There were physical differences too. Katherine wore glasses and was plumper than her sisters. She did not smile as often. She could be awkward and was regarded as the most demanding of the five children. She felt herself to be loved less than her siblings and as a result became more difficult to love. The feelings of rejection grew. When her parents went off to Europe, leaving Katherine with her grandmother, her mother's first returning words to the eager little girl waiting on the quayside were 'Well, Kathleen, I see you're still as fat as ever!' Katherine's answer was to cultivate her difference and develop a keen inner life that divided her ever more sharply from her family.

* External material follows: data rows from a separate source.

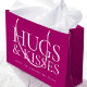 Personalized gift bags add a thoughtful, luxurious touch to any gift. This stylish design features "Hugs & Kisses" in classic typography, and can be customized with the recipient's name and a "Happy Birthday Day" message — perfect for milestone birthdays including 18th, 21st, 30th, 40th, 50th and 60th. This elegant template can be adapted for Valentine's Day, a bridal shower, bachelorette party, holiday, and other special occasions. A unique addition to your gift wrap, and a lovely choice for a girlfriend, boyfriend, husband, wife, daughter, or best friend. Available in either a matte or glossy finish. Printed colors: dark pink and white, or customize the colors with the design tool.
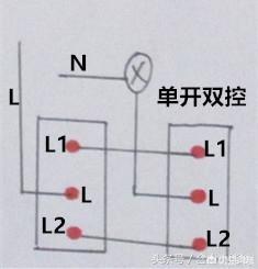 下面来介绍单开双控到四开双控。下图是单开双控二个开关接线
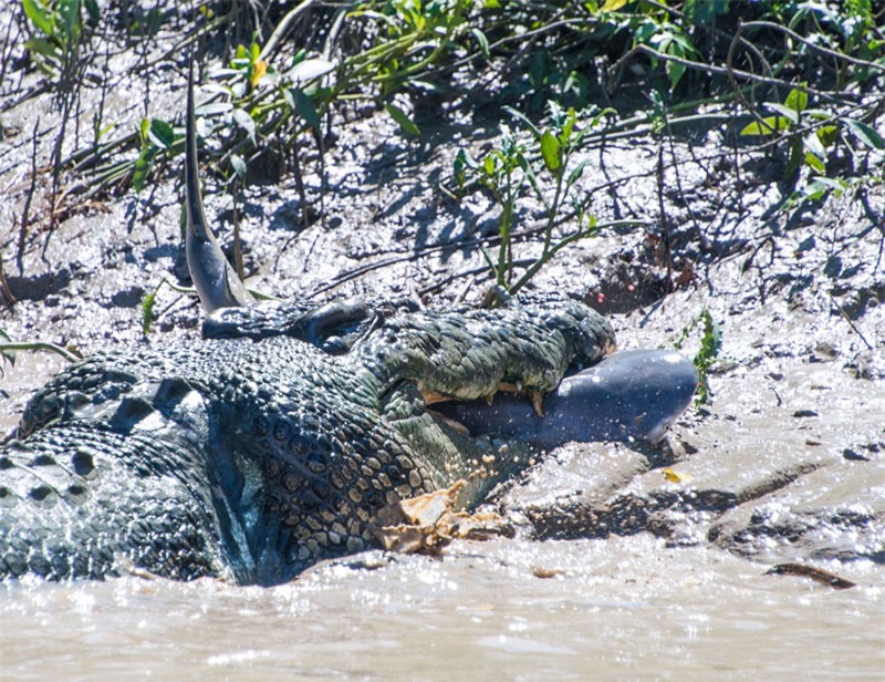 Khi đang đi dạo trên bờ sông Adelaide (Australia), nhiếp ảnh gia Andrew Paice đã ghi lại được một khoảnh khắc cực hiếm trong thế giới động vật hoang dã. Đó chính là cảnh cá sấu nước mặn nuốt gọn cá mập bò. Theo Andrew Paice, con cá mập bò có chiều dài khoảng 1,5m. Thế nhưng, nếu so với độ dài khoảng 5,5m của con cá sấu thì nó chỉ là một miếng mồi béo bở cho “gã bò sát khổng lồ”.

She was always imaginative. A school friend remembered playing with Katherine in the garden at Tinakori Road and hearing 'a noise which to ordinary people would have sounded like a lawn mower'. To Katherine it was 'Bronzo the dragon gnashing his teeth'. The spiral of smoke from a bonfire became the dragon spitting fire. Katherine armed herself and her friend with spears and shields cut from aloe and flax plants and stealthily crept through the mysterious, forbidden, green door that led to the neighbour's garden. The dragon was quickly revealed as 'an irate gardener' who chased the two girls with a rake. They ran out of the gate and in a panic turned the wrong way, rushing up the drive instead of into the street. They were trapped. 'It was tea time, but to go up past the dragon and his rake was unthinkable.' But Katherine had the answer and approached a 'kindly looking man' walking past. They were, she told him, two princesses who had been chased by a gardener, who was 'really a dragon in disguise'. The man, who knew Katherine's family, entered into the spirit of the occasion and escorted the girls home 'as though we really were fairy princesses'.

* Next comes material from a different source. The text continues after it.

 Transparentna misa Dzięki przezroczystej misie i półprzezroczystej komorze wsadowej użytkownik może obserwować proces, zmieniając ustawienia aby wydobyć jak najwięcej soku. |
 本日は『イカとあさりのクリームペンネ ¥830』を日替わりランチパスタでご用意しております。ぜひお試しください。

Katherine received yet another scolding and would always be labelled an actress and a liar. But the adventures that took place in her head were as real as anything that happened outside it. She published her first story at the age of nine. 'Enna Blake' – printed in the Wellington Girls' High School magazine – is an imaginary trip to Torquay, relocated to rural New Zealand, where girls go on walks to collect ferns and mosses. It opens in Enna's voice with a directness that already presages Mansfield's mature style: ''Oh mother, it is still raining, and you say I can't go out.' It was a girl who spoke; she looked about ten. She was standing in a well- furnished room, and was looking out of a large bay window.' The editor comments: 'This story, written by one of the girls who have lately entered the school, shows promise of great merit'.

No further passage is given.